Cela faisait cinq ans que les enquêteurs lui couraient après. Lundi dernier, il a finalement été coincé. Soupçonné d’avoir tué sa compagne dans un appartement de Cholet (Maine-et-Loire) en 2011, un homme de 52 ans a pu être interpellé à Saint-Lyphard, non loin de Saint-Nazaire (Loire-Atlantique).

Le corps en décomposition pendant six mois

Le 19 mai 2011, les policiers avaient découvert le corps en décomposition de Brigitte Prigent, une quinquagénaire, dans son appartement de Cholet. Une ceinture de peignoir de bain était serrée autour du cou de la victime. Sur place, les enquêteurs avaient retrouvé des écrits de son compagnon dans lesquels « il laisse entendre qu’il l’a étranglée le 5 novembre de l’année précédente », explique le procureur de la République d’Angers, Yves Gambert.

Les traces de son ADN seront bien retrouvées sur la ceinture de peignoir qui a servi à tuer Mme Prigent, « très alcoolique » et souvent prise de « crises d’hystérie ». Interpellé lundi et mis en examen mercredi, le compagnon a affirmé que de lui donner la mort a été « une délivrance pour elle ».

« Il a échappé aux radars »

Le parquet d’Angers a requis la mise en examen pour assassinat et le placement en détention de cet homme, qui avait disparu après les faits. Malgré le mandat de recherche, pendant cinq années « il a échappé aux radars », confirme le procureur.

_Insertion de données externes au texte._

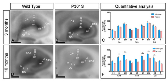Hippocampal expression of GIRK2 in the hippocampus of P301S mice. (A–F) The expression of the GIRK2 protein was visualised in histoblots of horizontal brain sections at 3 and 10 months of age in wild type and P301S mice using an affinity-purified anti-GIRK2 antibody. GIRK2 expression in different hippocampal subfields and dendritic layers was determined by densitometric analysis of the scanned histoblots (panels C and F). GIRK2 expression in the CA1 region was strong in the stratum lacunosum–moleculare (slm) and distal half of the stratum radiatum (sr) and moderate in the proximal half of the stratum radiatum and the stratum oriens (so). In the CA3 region, expression for GIRK2 was strong in the strata lucidum (sl), radiatum (sr), and lacunosum–moleculare (slm), and moderate in the stratum oriens (so). In the DG, GIRK2 expression was strong in the molecular layer (ml) and weak in the hilus (h). Densitometric analysis showed no differences in GIRK2 expression in between wild-type and P301S mice of 3 months, but significant reduction in some dendritic layers at 10 months (Multiple t-tests and Holm-Sidack method, ** p < 0.01; *** p < 0.001). Error bars indicate SEM. Abbreviations: CA1 region of the hippocampus; CA3, CA3 region of the hippocampus; DG, dentate gyrus; so, stratum oriens; sp, stratum pyramidale; sr, stratum radiatum; slm, stratum lacunosum-moleculare; ml, molecular layer; gl, granule cell layer; h, hilus. Scale bars: 0.05 cm.
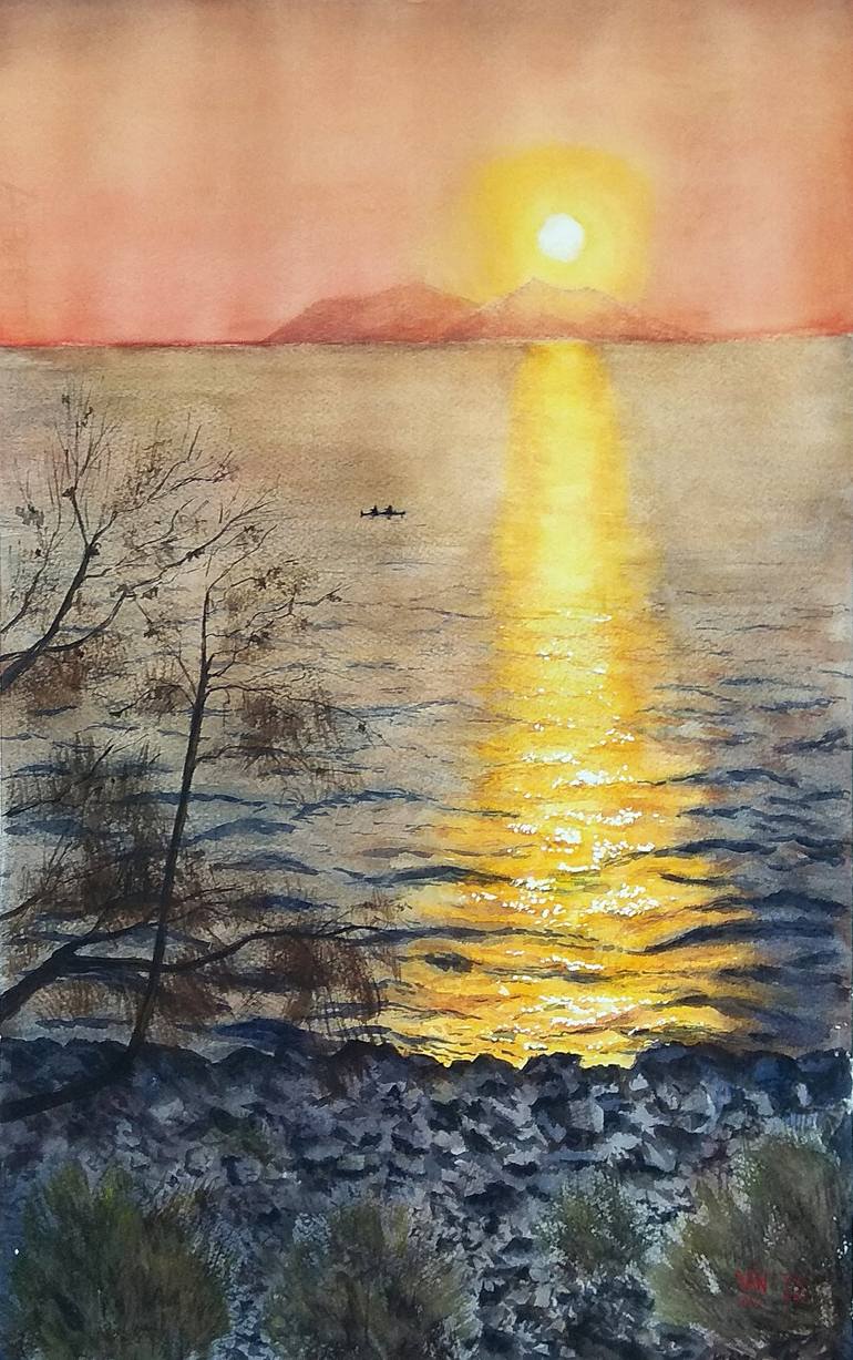 Sunset overlooking the island of Sazan in Albania. The work is done on 100% cotton paper.
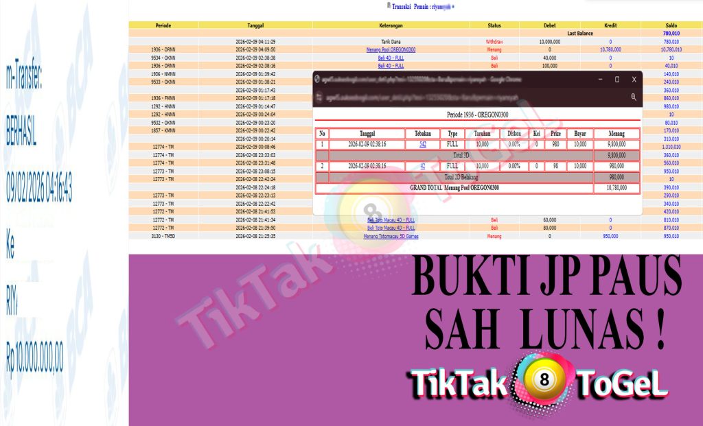 Jumlah Kemenangan : 16,290,710
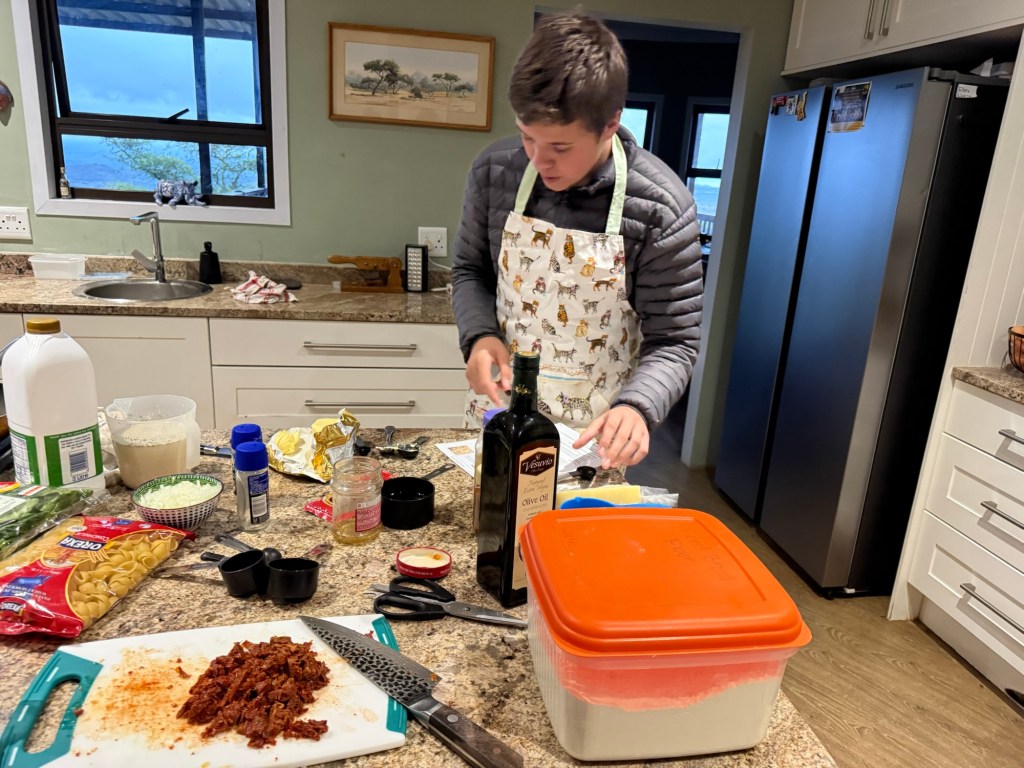 Orion tried his hand at welding (under very close supervision) and helped Ellery to weld up a new pole mount for one of our security cameras. And Cole, was a teenager and played games on his phone most of the holiday though he did make us the most delicious dinner – a Mediterranean sun dried tomato mac and cheese! We also finally started to get our veggie garden up and running planting lots of seeds. I cannot wait to be able to start harvesting again.
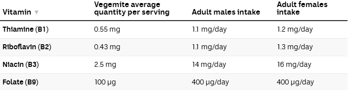 Each teaspoon of Vegemite contains 2.5 milligrams of vitamin B3. A person would need to eat around 14 teaspoons to exceed the daily safe limit.
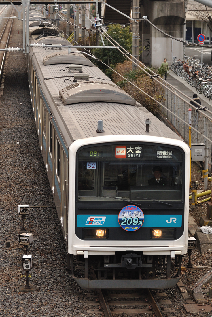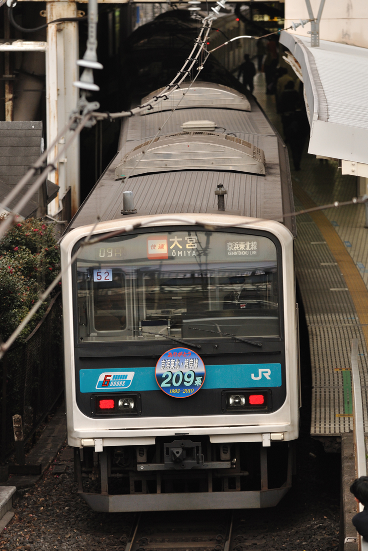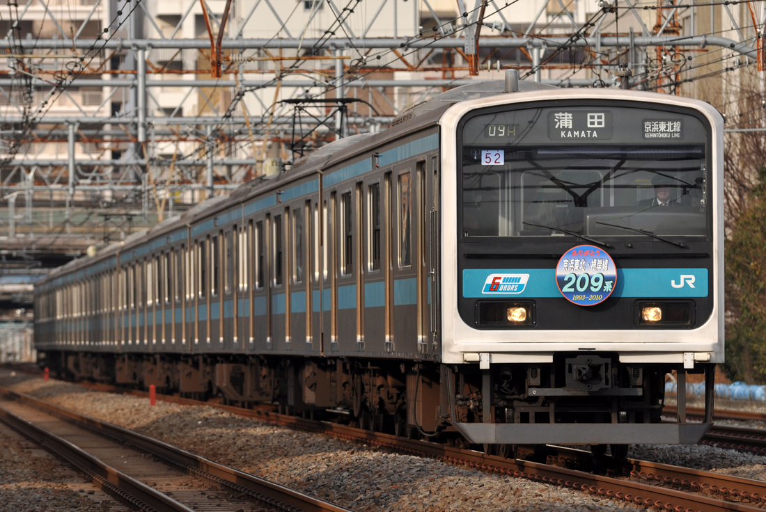 1月17日から24日までの間、ありがとう 京浜東北・根岸線209系と描かれたヘッドマークがウラ52編成に掲出されています。24日を持って京浜東北線・根岸線からは209系が引退する予定となっています。コスト半分、寿命半分で設計された209系ですが、そのコンセプトに基づき登場から17年で京浜東北線から姿を消すこととなります。
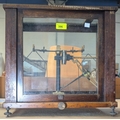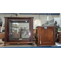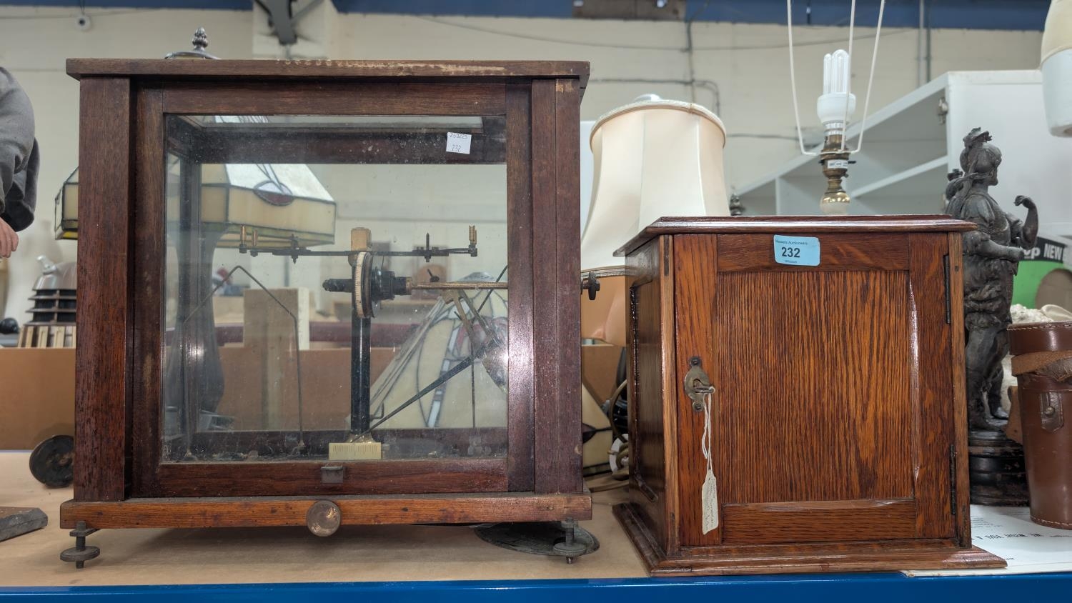 An oak-cased single door smoker's cabinet with ceramic tobacco jar; a pair of laboratory scales in mahogany cabinet.
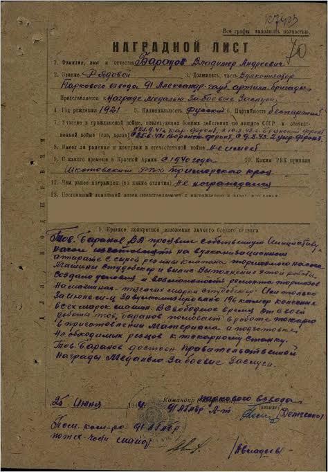 Родился Владимир Баранов 14 мая 1921 года в поселке Угловое Приморского края. З сентября 1940 года он был призван на срочную службу в Красную армию. Войну Владимир встретил в составе 91-й тяжелой гаубично-артиллерийской бригады. В ее рядах фронтовик воевал с фашистами на Северном, Карельском, Брянском, Воронежском, 1-м и 2-м Украинском фронтах.
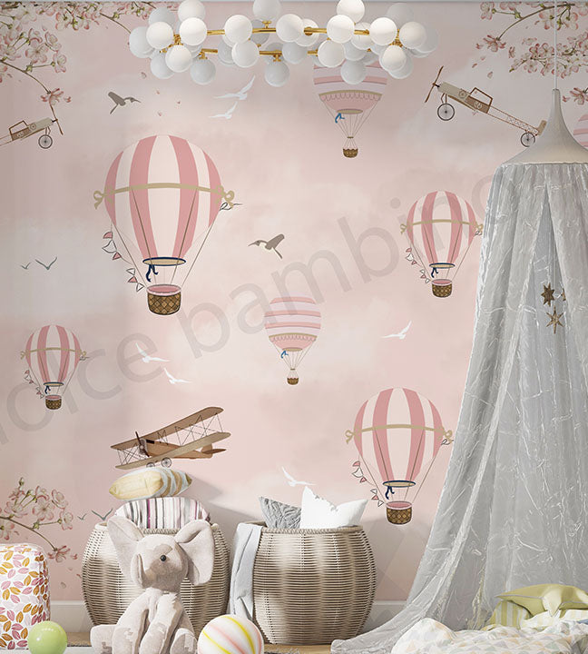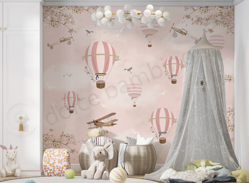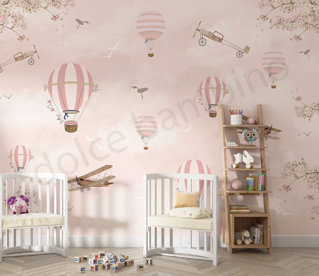 Fly high, dream big, and embark on thrilling journeys within the comfort of one's own space. It’s playful design features hot air balloons and aviator airplanes dancing amidst billowing clouds. Graceful birds soar high through a boundless sky painting them with joy. Gentle cherry blossoms add a touch of charm and ethereal beauty.
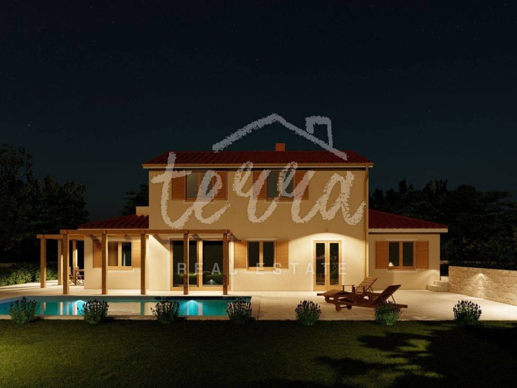 Modern house under construction with swimming pool, TINJAN area The price refers to the TURNKEY (without furniture), planned completion in the summer of 2026. which gives the future buyer the opportunity to participate in the selection of final details - from the color of the facade to the type of carpentry and interior decoration, which will allow you to fully adapt the home to your wishes.
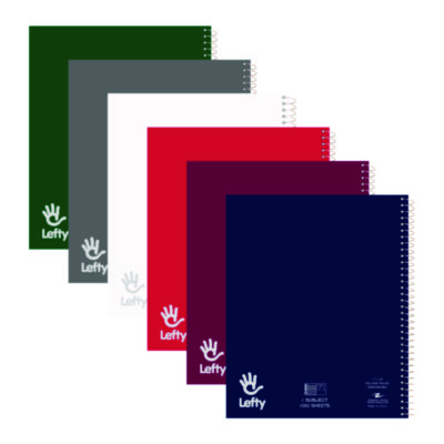 Lefty Notebook, 1-Subject, Medium/College Rule, Randomly Assorted Cover Color, (100) 11 x 8.5 Sheets
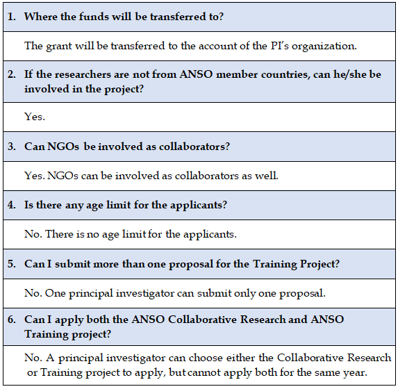 1) Only researchers from ANSO member organizations (see Attachment 2 for reference) are eligible to apply for the Training Project as a Principal Investigator (PI).
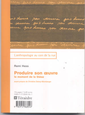 L'Université se produit et se reproduit par l'écrit: le moment du mémoire ou de la thèse est un espace-temps qui permet à l'étudiant de se construire ...Lees meer
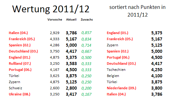 obwohl wir jetzt noch guten Vorsprung ab nächste Saison gegen Italien haben, geht es schon wieder für uns bergab. Wenn unsere so hochgelobten Bundesliga-Überflieger (Mainz ist ja schon weg, genau wie 1x Italien Udine) aus der letzten Saison nicht noch die Kurve kriegen, wird die Saison 2011/2012 punktemäßig eine ganz maue Sache für D!

Il a expliqué son parcours aux enquêteurs. Sans domicile fixe, il s’était réfugié à Saint-Nazaire, où il a vécu tout d’abord dans un squat. Il a ensuite rencontré des personnes qui ont mis à profit ses connaissances en mécanique pour de petits travaux rémunérés au noir. Il va alors croiser la route de membres de la communauté des gens du voyage de la région de Saint-Nazaire, semi-sédentaires, qui vont l’héberger en échange d’un peu de gardiennage et de petits travaux.

Sans portable, sans compte bancaire, il a ainsi vécu cinq ans dans l’ombre avant de rencontrer début 2016 des problèmes de santé qui l’ont obligé à refaire ses papiers pour obtenir les documents nécessaires pour se faire soigner. Il a ainsi été contraint de faire une demande de passeport début juillet à la préfecture de Loire-Atlantique, ce qui a aussitôt donné l’alerte et permis son interpellation lundi.